_WHAT IS NEEDED_
Look through the data below and extract, unchanged, the lines from the one that contains "推荐:「自动播放月亮美景后从" to the one that contains "SPSS sau spatii.", both included.

--- MATERIAL SHOWN Enclosed Below ---

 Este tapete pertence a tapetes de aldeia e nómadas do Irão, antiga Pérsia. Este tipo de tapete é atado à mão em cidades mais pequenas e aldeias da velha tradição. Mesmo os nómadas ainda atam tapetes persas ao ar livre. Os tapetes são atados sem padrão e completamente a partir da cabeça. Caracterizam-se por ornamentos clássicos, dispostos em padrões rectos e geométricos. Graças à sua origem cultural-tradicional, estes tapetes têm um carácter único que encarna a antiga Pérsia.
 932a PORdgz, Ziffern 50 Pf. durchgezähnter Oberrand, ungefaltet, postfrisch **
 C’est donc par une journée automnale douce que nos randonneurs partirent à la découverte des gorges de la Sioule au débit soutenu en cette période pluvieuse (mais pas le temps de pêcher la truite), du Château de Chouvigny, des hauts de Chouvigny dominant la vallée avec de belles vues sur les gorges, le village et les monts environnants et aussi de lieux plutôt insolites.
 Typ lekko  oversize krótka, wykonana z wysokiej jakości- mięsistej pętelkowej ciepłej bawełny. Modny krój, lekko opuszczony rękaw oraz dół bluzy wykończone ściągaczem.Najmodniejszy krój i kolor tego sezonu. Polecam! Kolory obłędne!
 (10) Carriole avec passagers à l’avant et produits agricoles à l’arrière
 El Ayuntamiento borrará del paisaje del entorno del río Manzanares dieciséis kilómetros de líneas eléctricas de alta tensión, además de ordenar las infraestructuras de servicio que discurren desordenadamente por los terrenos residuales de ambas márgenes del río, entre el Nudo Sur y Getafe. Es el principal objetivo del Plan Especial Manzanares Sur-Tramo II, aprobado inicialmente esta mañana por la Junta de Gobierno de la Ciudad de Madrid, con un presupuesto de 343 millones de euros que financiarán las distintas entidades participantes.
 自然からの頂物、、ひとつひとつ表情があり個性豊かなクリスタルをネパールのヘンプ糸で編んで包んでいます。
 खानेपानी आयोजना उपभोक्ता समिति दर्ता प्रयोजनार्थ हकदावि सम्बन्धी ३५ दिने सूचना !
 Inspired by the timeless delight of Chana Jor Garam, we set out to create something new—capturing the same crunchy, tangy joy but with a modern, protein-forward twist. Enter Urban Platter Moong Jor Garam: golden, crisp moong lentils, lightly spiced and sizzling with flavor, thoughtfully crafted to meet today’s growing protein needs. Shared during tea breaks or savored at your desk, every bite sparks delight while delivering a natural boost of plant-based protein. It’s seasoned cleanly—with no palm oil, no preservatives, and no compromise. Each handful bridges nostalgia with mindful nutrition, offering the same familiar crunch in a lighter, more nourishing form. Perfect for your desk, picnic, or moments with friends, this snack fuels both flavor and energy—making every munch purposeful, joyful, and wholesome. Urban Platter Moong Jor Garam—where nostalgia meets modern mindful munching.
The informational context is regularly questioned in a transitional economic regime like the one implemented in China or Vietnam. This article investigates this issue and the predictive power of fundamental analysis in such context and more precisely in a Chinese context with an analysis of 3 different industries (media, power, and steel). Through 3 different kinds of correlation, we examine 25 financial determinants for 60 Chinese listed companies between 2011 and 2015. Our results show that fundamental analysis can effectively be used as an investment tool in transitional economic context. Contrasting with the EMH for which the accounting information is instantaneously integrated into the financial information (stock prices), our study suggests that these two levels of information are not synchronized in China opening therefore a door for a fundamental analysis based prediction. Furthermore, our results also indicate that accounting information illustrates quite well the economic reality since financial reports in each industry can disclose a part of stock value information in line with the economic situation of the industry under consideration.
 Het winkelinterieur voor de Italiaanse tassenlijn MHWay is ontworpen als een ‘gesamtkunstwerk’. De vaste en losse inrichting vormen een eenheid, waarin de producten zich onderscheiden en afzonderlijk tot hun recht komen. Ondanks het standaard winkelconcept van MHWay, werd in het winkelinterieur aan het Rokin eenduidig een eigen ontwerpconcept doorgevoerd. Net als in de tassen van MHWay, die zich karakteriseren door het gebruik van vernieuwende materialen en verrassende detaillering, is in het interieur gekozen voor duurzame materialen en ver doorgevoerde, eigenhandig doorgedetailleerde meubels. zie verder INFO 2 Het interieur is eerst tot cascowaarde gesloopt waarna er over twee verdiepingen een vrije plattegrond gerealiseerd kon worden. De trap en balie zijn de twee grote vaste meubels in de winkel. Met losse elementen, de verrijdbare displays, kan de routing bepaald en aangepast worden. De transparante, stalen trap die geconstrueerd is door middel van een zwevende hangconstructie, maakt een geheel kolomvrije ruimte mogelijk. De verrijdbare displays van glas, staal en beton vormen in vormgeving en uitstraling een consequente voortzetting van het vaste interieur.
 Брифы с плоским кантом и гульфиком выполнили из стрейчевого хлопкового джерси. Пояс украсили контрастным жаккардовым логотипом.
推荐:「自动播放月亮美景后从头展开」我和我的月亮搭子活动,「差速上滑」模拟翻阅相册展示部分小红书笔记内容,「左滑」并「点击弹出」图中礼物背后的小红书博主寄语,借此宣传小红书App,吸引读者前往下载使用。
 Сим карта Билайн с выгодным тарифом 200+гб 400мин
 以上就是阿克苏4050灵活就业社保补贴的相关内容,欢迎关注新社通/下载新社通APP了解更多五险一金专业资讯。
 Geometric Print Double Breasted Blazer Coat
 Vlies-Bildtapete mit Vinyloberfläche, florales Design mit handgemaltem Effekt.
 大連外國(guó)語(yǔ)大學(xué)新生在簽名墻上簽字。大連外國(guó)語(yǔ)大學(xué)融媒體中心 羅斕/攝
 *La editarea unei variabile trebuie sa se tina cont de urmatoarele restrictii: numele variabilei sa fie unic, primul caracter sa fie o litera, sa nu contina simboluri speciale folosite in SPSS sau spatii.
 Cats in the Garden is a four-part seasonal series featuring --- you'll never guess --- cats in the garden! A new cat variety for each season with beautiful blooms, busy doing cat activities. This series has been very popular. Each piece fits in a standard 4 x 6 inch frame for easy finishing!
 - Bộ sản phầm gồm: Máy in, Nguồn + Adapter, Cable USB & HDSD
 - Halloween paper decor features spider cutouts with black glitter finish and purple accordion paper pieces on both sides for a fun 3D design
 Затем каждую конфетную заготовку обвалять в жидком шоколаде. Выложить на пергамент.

--- End of Enclosed MATERIAL SHOWN ---

_OUTPUT FOR THIS EXERCISE_
推荐:「自动播放月亮美景后从头展开」我和我的月亮搭子活动,「差速上滑」模拟翻阅相册展示部分小红书笔记内容,「左滑」并「点击弹出」图中礼物背后的小红书博主寄语,借此宣传小红书App,吸引读者前往下载使用。
 Сим карта Билайн с выгодным тарифом 200+гб 400мин
 以上就是阿克苏4050灵活就业社保补贴的相关内容,欢迎关注新社通/下载新社通APP了解更多五险一金专业资讯。
 Geometric Print Double Breasted Blazer Coat
 Vlies-Bildtapete mit Vinyloberfläche, florales Design mit handgemaltem Effekt.
 大連外國(guó)語(yǔ)大學(xué)新生在簽名墻上簽字。大連外國(guó)語(yǔ)大學(xué)融媒體中心 羅斕/攝
 *La editarea unei variabile trebuie sa se tina cont de urmatoarele restrictii: numele variabilei sa fie unic, primul caracter sa fie o litera, sa nu contina simboluri speciale folosite in SPSS sau spatii.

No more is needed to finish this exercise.